Try it - Would you repeat word for word the lines of the listing that follows, from the one with "Collection of assorted" up to and including the one with "ヒーロー風カッコイイあだ名 | 『魔戒騎士ヒラ』『ネオヒラヤマアイリ』 |", and leave out the images?

BEGIN Extracted records

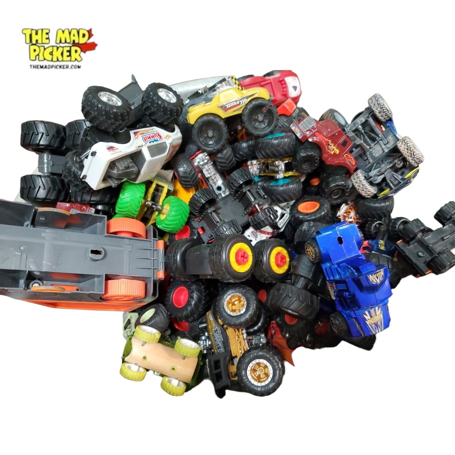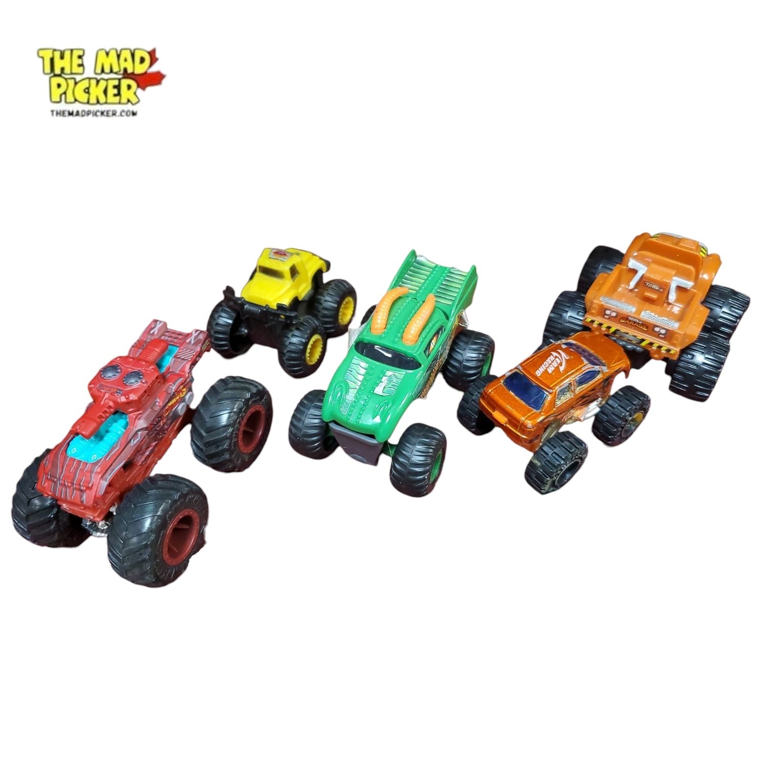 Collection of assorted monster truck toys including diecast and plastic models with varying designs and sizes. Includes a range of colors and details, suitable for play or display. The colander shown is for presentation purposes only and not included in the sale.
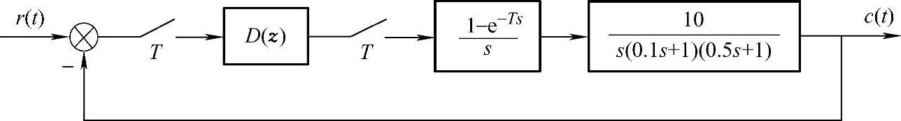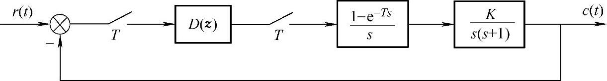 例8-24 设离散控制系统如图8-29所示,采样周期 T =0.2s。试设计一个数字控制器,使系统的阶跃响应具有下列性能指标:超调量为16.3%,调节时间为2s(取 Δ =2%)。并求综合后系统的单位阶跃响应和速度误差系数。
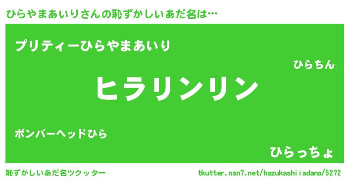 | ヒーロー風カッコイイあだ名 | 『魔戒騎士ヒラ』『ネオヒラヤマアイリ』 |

END Extracted records
BEGIN Extracted records

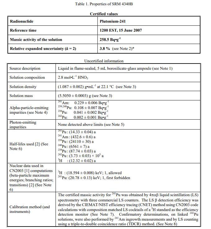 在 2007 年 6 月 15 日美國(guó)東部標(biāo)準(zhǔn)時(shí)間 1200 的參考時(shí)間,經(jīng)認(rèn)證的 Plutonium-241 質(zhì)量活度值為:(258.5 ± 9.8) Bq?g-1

END Extracted records

Completed exercise -
 Collection of assorted monster truck toys including diecast and plastic models with varying designs and sizes. Includes a range of colors and details, suitable for play or display. The colander shown is for presentation purposes only and not included in the sale.
 例8-24 设离散控制系统如图8-29所示,采样周期 T =0.2s。试设计一个数字控制器,使系统的阶跃响应具有下列性能指标:超调量为16.3%,调节时间为2s(取 Δ =2%)。并求综合后系统的单位阶跃响应和速度误差系数。
 | ヒーロー風カッコイイあだ名 | 『魔戒騎士ヒラ』『ネオヒラヤマアイリ』 |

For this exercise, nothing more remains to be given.